Discovering Communities in Continuous-Time Temporal Networks by Optimizing L-Modularity
Victor Brabant, Angela Bonifati, Rémy Cazabet
TL;DR
This work tackles dynamic community detection in continuous-time networks by introducing LAGO, a greedy optimization framework for Longitudinal Modularity on link streams. LAGO avoids time discretization, leveraging the Trimmed Communities Property to focus on active time nodes and employing a Recursive Time Module Mover with refinement and substitution strategies. Across synthetic and real datasets, LAGO demonstrates the ability to recover temporally coherent communities and provides practical guidance on which variant configurations perform best under different modularity objectives. The approach is applicable beyond L-Modularity, enabling optimization of other quality functions defined over link streams, and is supported by open-source code for reproducibility.
Abstract
Community detection is a fundamental problem in network analysis, with many applications in various fields. Extending community detection to the temporal setting with exact temporal accuracy, as required by real-world dynamic data, necessitates methods specifically adapted to the temporal nature of interactions.

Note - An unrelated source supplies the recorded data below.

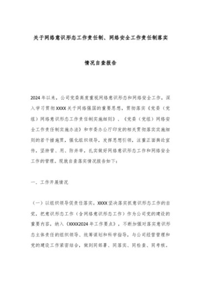 / 关于网络意识形态工作责任制、网络安全工作责任制落实情况自查报告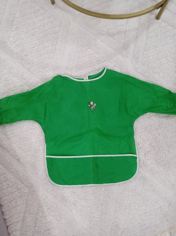 uzun kollu yeşil boya önlüğü. ana sınıfı 1 ve 2. sınıf çocukları için uygun
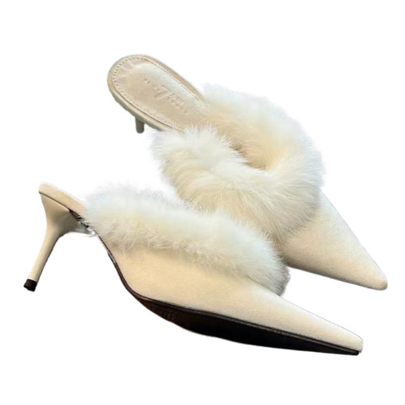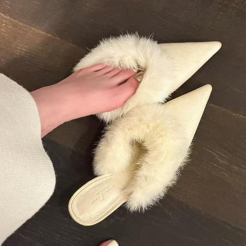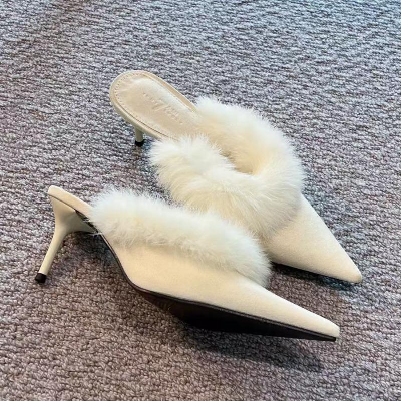 Меховые женские тапочки с острым носком, сексуальные замшевые шлепанцы на высоком каблуке, зимняя обувь 2025 года, тренд, элегантная вечеринка, Zapatos Mujer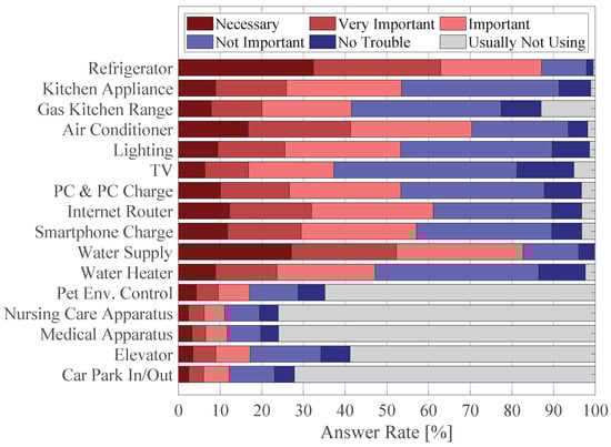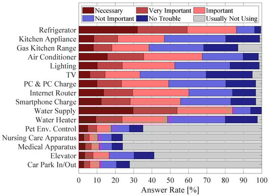 The answers regarding the importance of loads in Cases 1 and 2 are shown in Figure 9 and Figure 10, respectively. The most important loads are refrigerators and water supplies. Around 80% of the respondents answered they were necessary, very important, or important. The second-most important load is air conditioners. Around 70% of the respondents answered that it was necessary, very important, or important. In contrast, most respondents did not regularly use environmental control for pets, nursing care and medical apparatus, elevators, and car parking. The result demonstrates that nursing care and medical apparatus are not so important.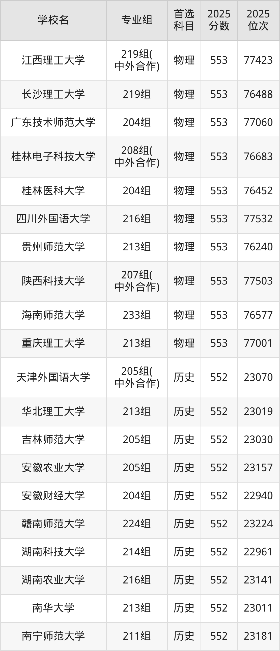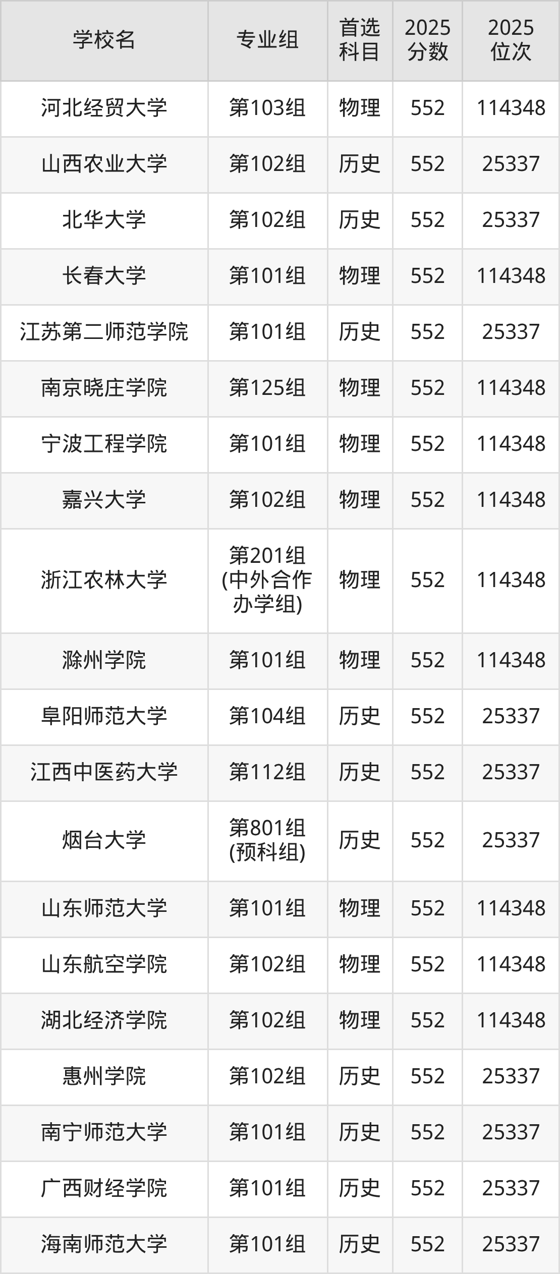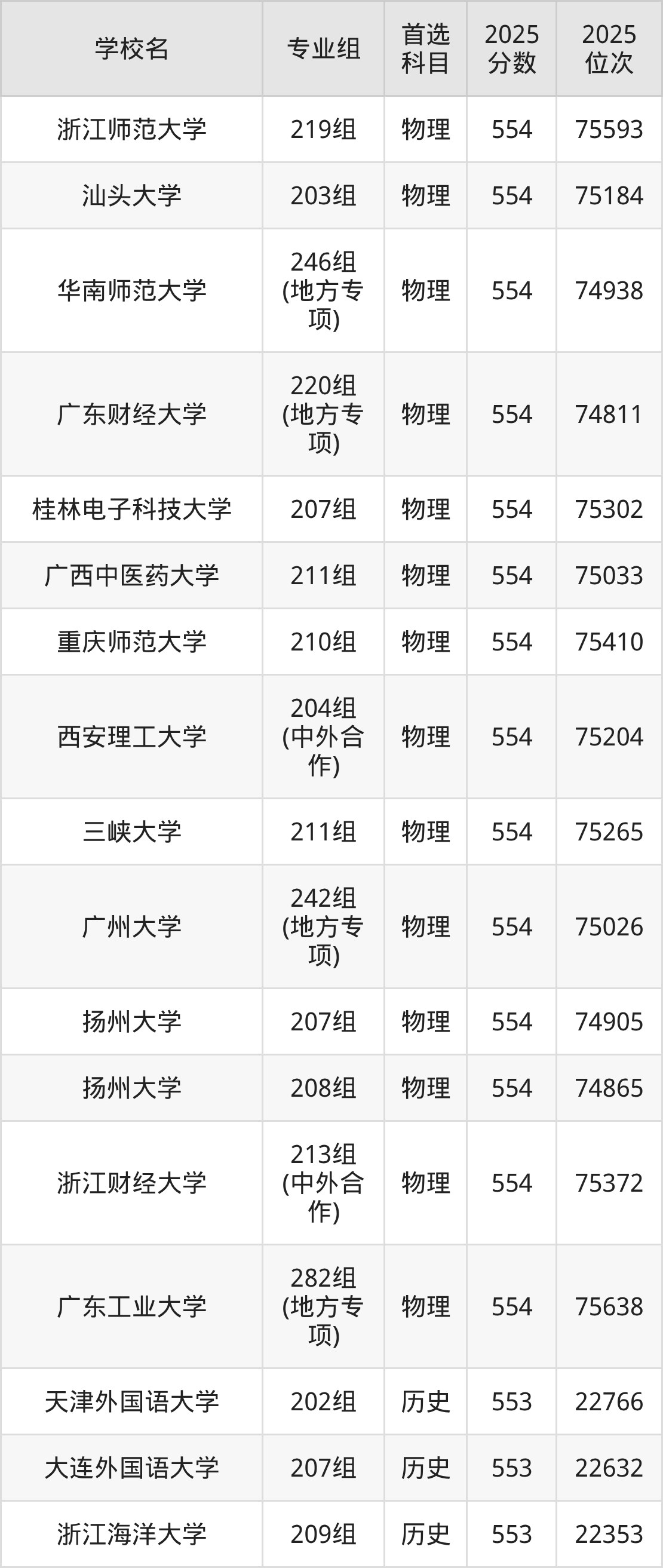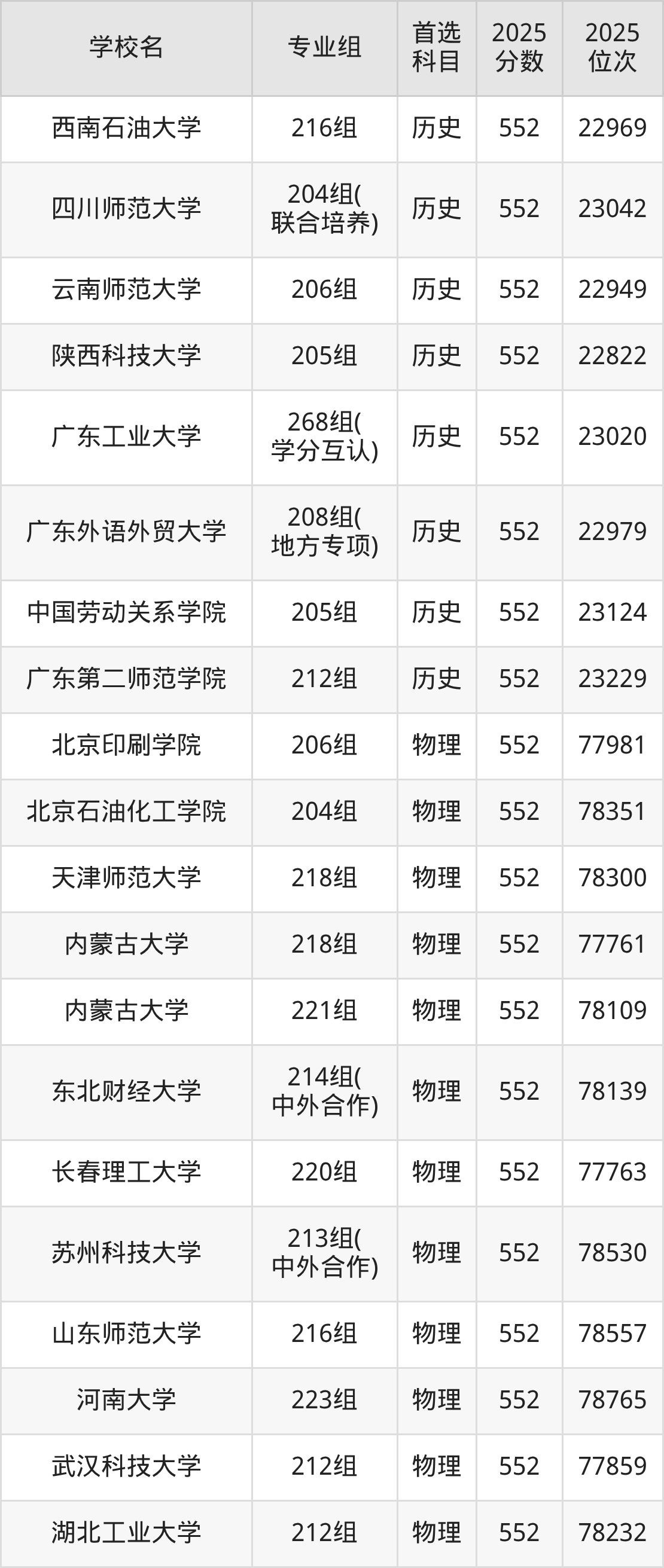 广东高考历史类554分对应的位次排名是21804名-22299名,物理类554分对应的位次排名是74786名-76064名,因此建议2026年位次排在这附近的同学考虑这些大学。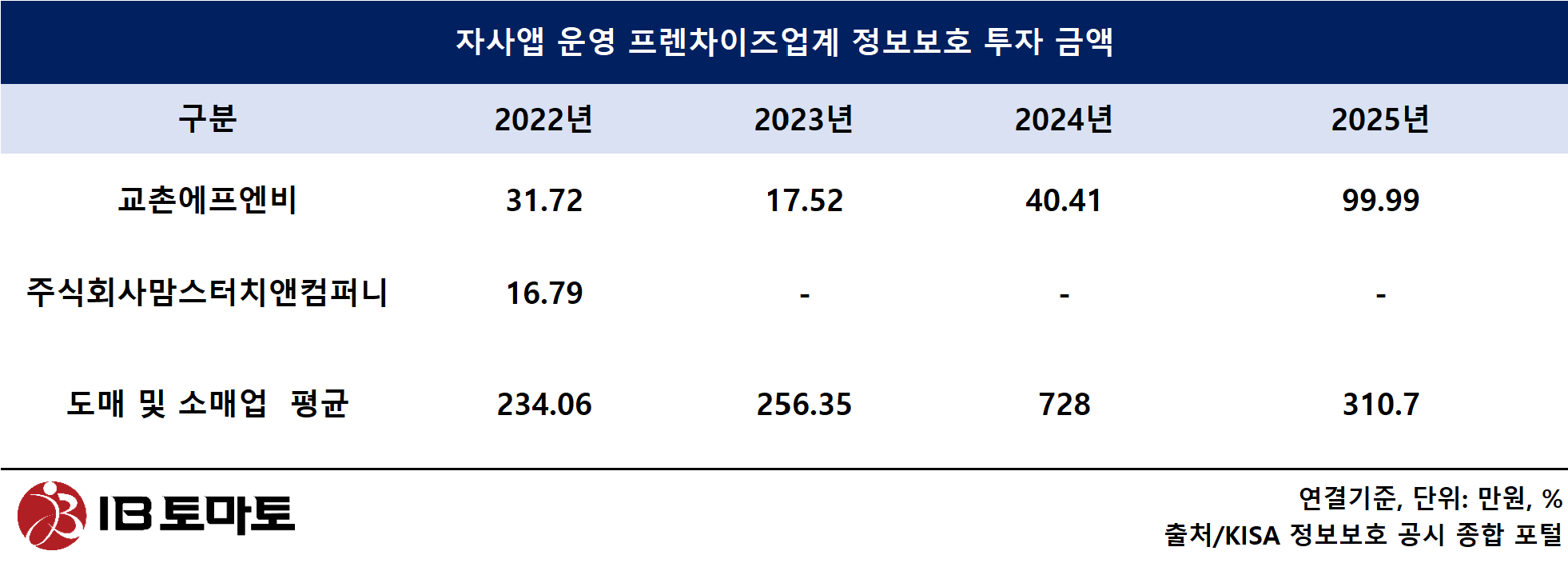 다만 교촌에프엔비는 정보보안 투자금액이 2022년부터 2025년까지 2023년을 제외하고 꾸준히 증가세를 보였다. 2022년 3억1720만원, 2023년 1억7520만원, 2024년 4억410만원, 지난해 9억9990만원 등이다.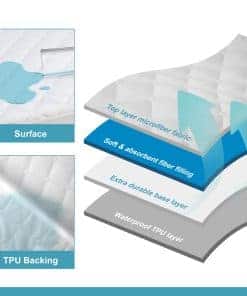 Nuestro protector de colchón impermeable NTBAY está diseñado para proteger tu colchón de manera silenciosa y efectiva. Está fabricado con una superficie de microfibra premium y una capa de membrana de TPU impermeable que garantiza la máxima protección contra derrames y accidentes. La membrana de TPU ofrece una barrera impermeable que protege tu colchón de cualquier líquido no deseado, como derrames accidentales, sudor, orina, jugo, etc. Además, el tejido TPU es silencioso, lo que te permite moverte libremente durante la noche sin preocuparte por despertar a tu pareja.

We introduce LAGO, a novel method for uncovering dynamic communities by greedy optimization of Longitudinal Modularity, a specific adaptation of Modularity for continuous-time networks. Unlike prior approaches that rely on time discretization or assume rigid community evolution, LAGO captures the precise moments when nodes enter and exit communities. We evaluate LAGO on synthetic benchmarks and real-world datasets, demonstrating its ability to efficiently uncover temporally and topologically coherent communities.